Let’s show an example of passing the error up the call stack and eventually handling the error. These are the only two mechanics we need to have in place.

Here is a function that calls into the standard library to download content from the web. The standard library will be providing the root cause error value. Because this function will not be handling the error, it will wrap the error and pass it up the call stack for future handling.

Listing 1

20 func Download(url string) ([]byte, error) {
22     // Download the tar file.
23     r, err := http.Get(url)
24     if err != nil {
25         return nil, errors.Wrapf(err, "get url: %s", url)
26     }
27     defer r.Body.Close()
29     // Read in the entire contents of the file.
30     body, err := ioutil.ReadAll(r.Body)
31     if err != nil {
32         return nil, errors.Wrap(err, "writing file")
33     }
35     // Return the file.
36     return body, nil
37 }

From a developer’s perspective, this is an easy guideline to follow. We ask, does this function handle the error? If not, wrap and pass it up. If yes, then log and pass nil if necessary.
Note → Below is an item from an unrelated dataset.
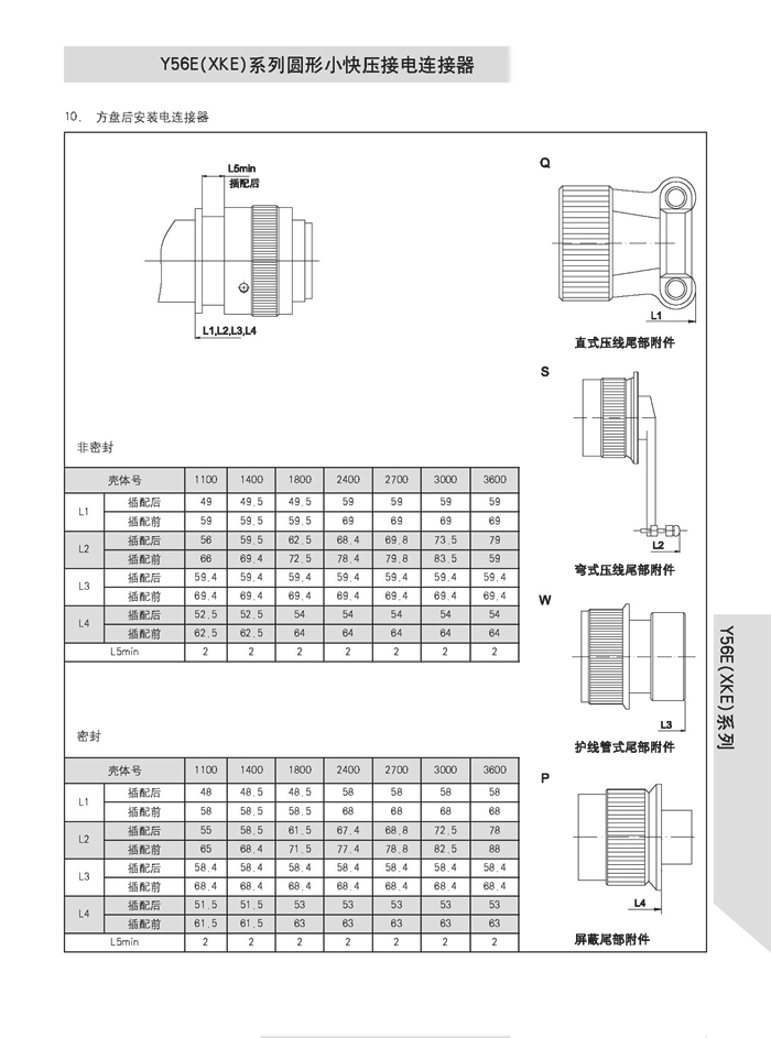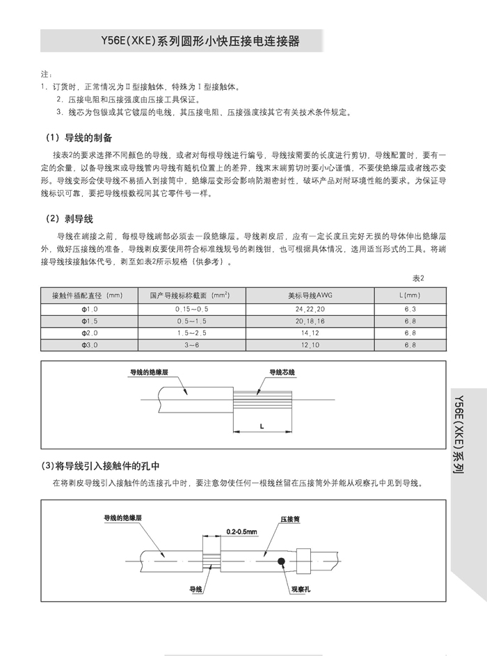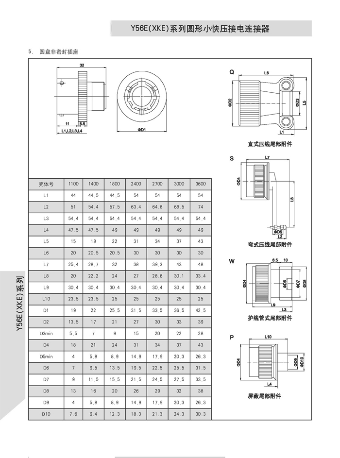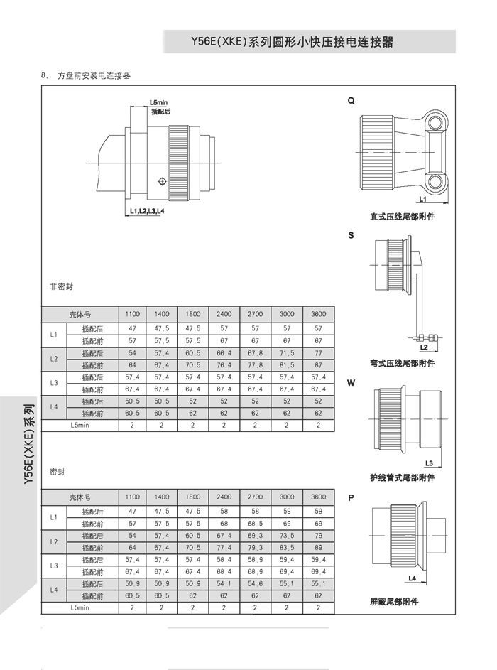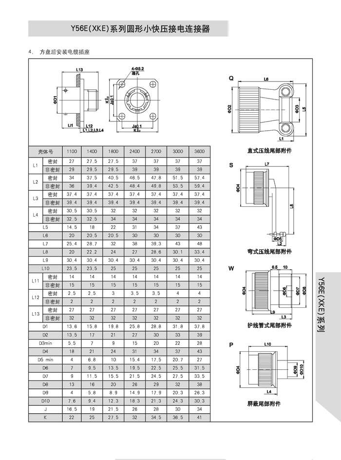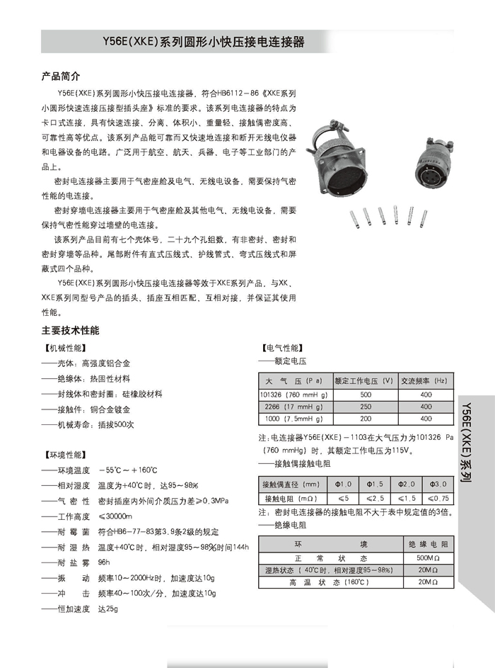 XKE圓形壓接式航空插頭,符合HB6112-86《XKE系列小圓形快速連接壓接型插頭座》標準的要求。該系列航空插頭的特點為卡口式連接,具有快速連接、分離、體積小、重量輕、接觸件密度高,可靠性高等優點.接觸件與導線的連接為壓接端接(密封插座接觸件與導線的連接為焊接端接),接觸件可單個取出或送入,為后松后取式.該系列航空插頭有7個殼體,29個孔組,有密封,非密封品種.尾部附件有直式壓線,彎式壓線,護線管式,屏蔽式四個品種.產品具有可靠而又快速地連接和斷開無線電儀器和電器設備電路的特點.

Let’s look at a function that handles the error.

Listing 2

11 func main() {
13     data, err := Download("")
14     if err != nil {
15         log.Printf("%+v", err)
16         return
17     }
19     ...
20 }

Here in main, the call to Download is made and then the error is checked. If there is an error, it is handled by logging it with the "%+v" format option. This will generate a stack trace with all the context we need.

Listing 3

2017/05/04 15:07:00 Get dial tcp: lookup no such host
get url:


Handling an error means:

  • The error has been logged.
  • The application is back to 100% integrity.
  • The current error is not reported any longer.

Packages that are reusable across many projects only return root error values.
The choice to wrap an error is a policy that only applications can choose to apply. Packages that are going to have the highest level of reusability can only return root error values. This mechanic is the same that is used in the Go standard library.

If the error is not going to be handled, wrap and return up the call stack.
This is the basic question we ask about every error that is returned from a function/method call. If the function/method is not going to handle the error, then wrap the error with enough context and return it up the call stack. That extra context can be, for example, the input values that were used or the query that failed. A good way to determine if you are logging enough context or too much context is by inspecting the logs and validating that they are working for you during development.

Once an error is handled, it is not allowed to be passed up the call stack any longer.
Once it is decided that the function/method will handle the error, the error ceases to be an error. If the function/method is still required to issue a return, it can’t return an error value. It should only return nil.